Robert Morris (1734-1806) immigrated to Maryland from Liverpool at age 13. After studying in Philadelphia, he became a partner in a banking and shipping firm in 1757. In the Second Continental Congress, he initially opposed independence and abstained in the final vote but signed the Declaration of Independence with the Pennsylvania delegation. He signed the Articles of Confederation in 1778 and the Constitution in 1787. Morris served as Superintendent of Finance from 1781-1784, and personally paid £10 million to fund the American army during the Revolutionary War. Morris served as Senator from Pennsylvania from 1789 to 1795. Deeply engaged in land speculation, he bought millions of acres in western New York in 1791, forming the North American Land Company with James Greenleaf and John (Jonathan) Nicholson. Due in no small part to their speculation, the land market collapsed, and Morris was ruined. The final blow came in 1798, when a minor creditor’s claim sent him to the Philadelphia debtor’s prison, where former President George Washington visited him. He remained in prison for three years until his wife was able to bail him out.

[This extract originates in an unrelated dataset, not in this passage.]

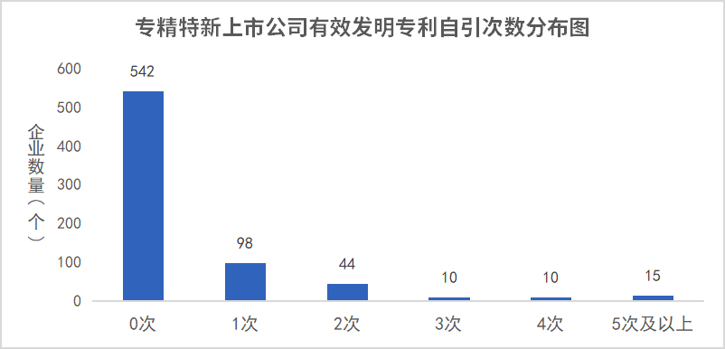 不难发现,在719家样本公司中,仅有177家公司有专利自引用行为,专利自引用次数在5次及以上的公司仅有15家,占比仅2%。专精特新企业整体呈现出的低自引率反映出企业在技术深度上存在的问题。
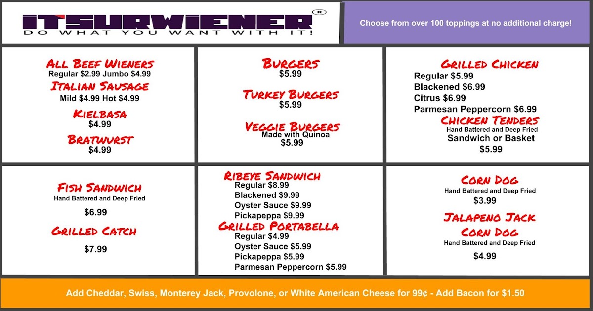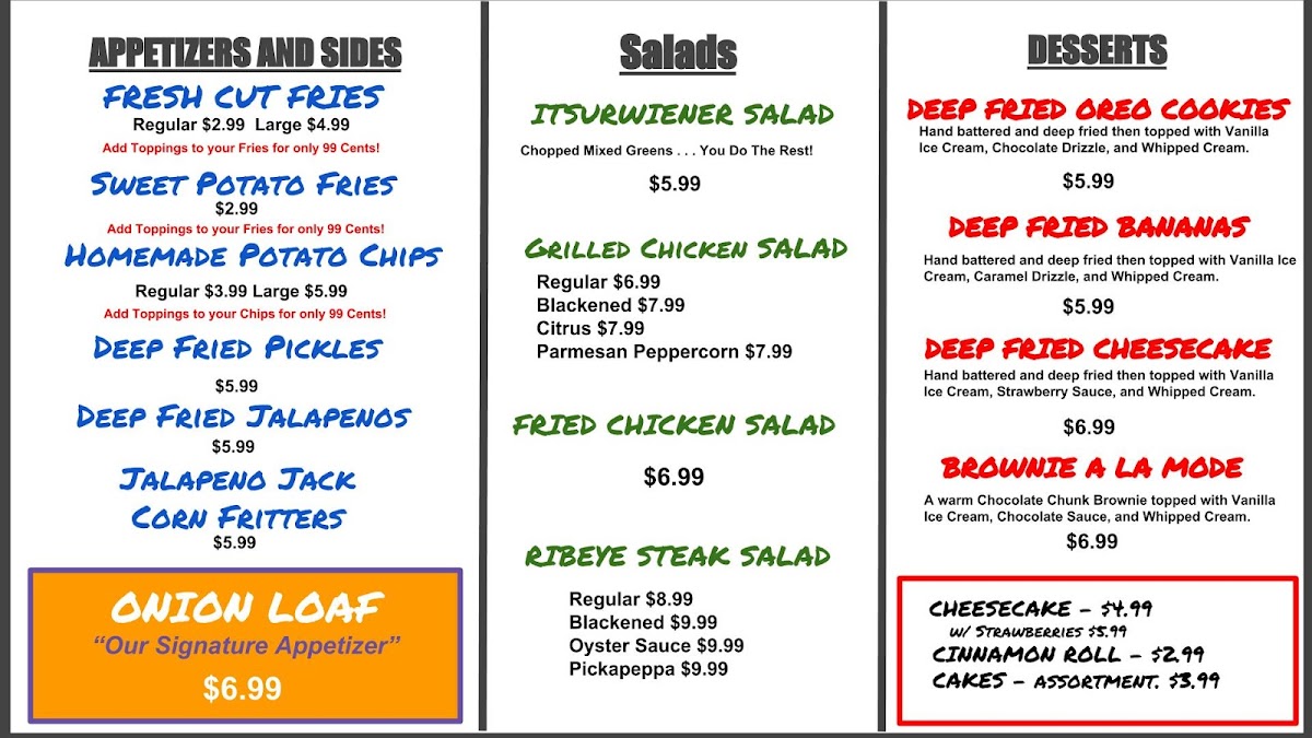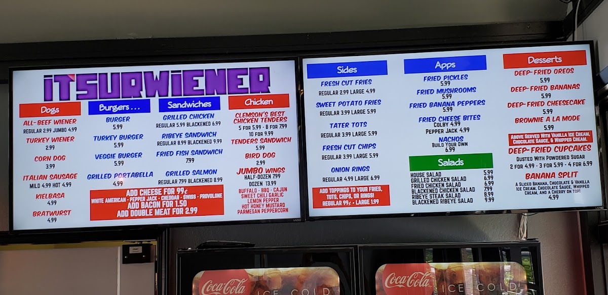 Welcome to ITSURWIENER Restaurant and Bar, where culinary creativity meets hearty comfort! Located at 101 Keith St, Clemson, SC, this vibrant eatery offers a diverse menu that will tantalize your taste buds. From mouthwatering burgers like the Pizza Burger loaded with fried mozzarella and marinara sauce to the indulgent Deep Fried Cupcakes, each dish is crafted to perfection.

John (Jonathan) Nicholson (1758-1800) was a Welsh-born émigré to Pennsylvania who engaged in a variety of business ventures in revolutionary-era Philadelphia. In 1778 he was appointed clerk to the Board of Treasury of the Continental Congress. In 1782 he was appointed state Comptroller General, involving him in the collection of taxes and the liquidation of the assets of Loyalists convicted of treason in absentia. In 1793, he was impeached for personally speculating in federal securities with state funds. He was acquitted but forced to resign, because he was by this time a large public defaulter. In 1795, he joined Robert Morris and James Greenleaf in creating the North American Land Company, which invested in six million acres of lands in six states. Stung by the worldwide panic of 1797 and the Napoleonic Wars (which drove down the European market for American lands), Morris and Nicholson were each imprisoned for debt. Nicholson died in 1800, more than four million dollars in debt. His estate was not satisfactorily settled for over a half-century, and required the creation of a special Nicholson Court of Pleas in 1843.

Andrew Summers (1742-1806) was a wealthy Philadelphia banker and a close friend of Robert Morris. He was an original member of the Philadelphia Stock Exchange, founded in 1790.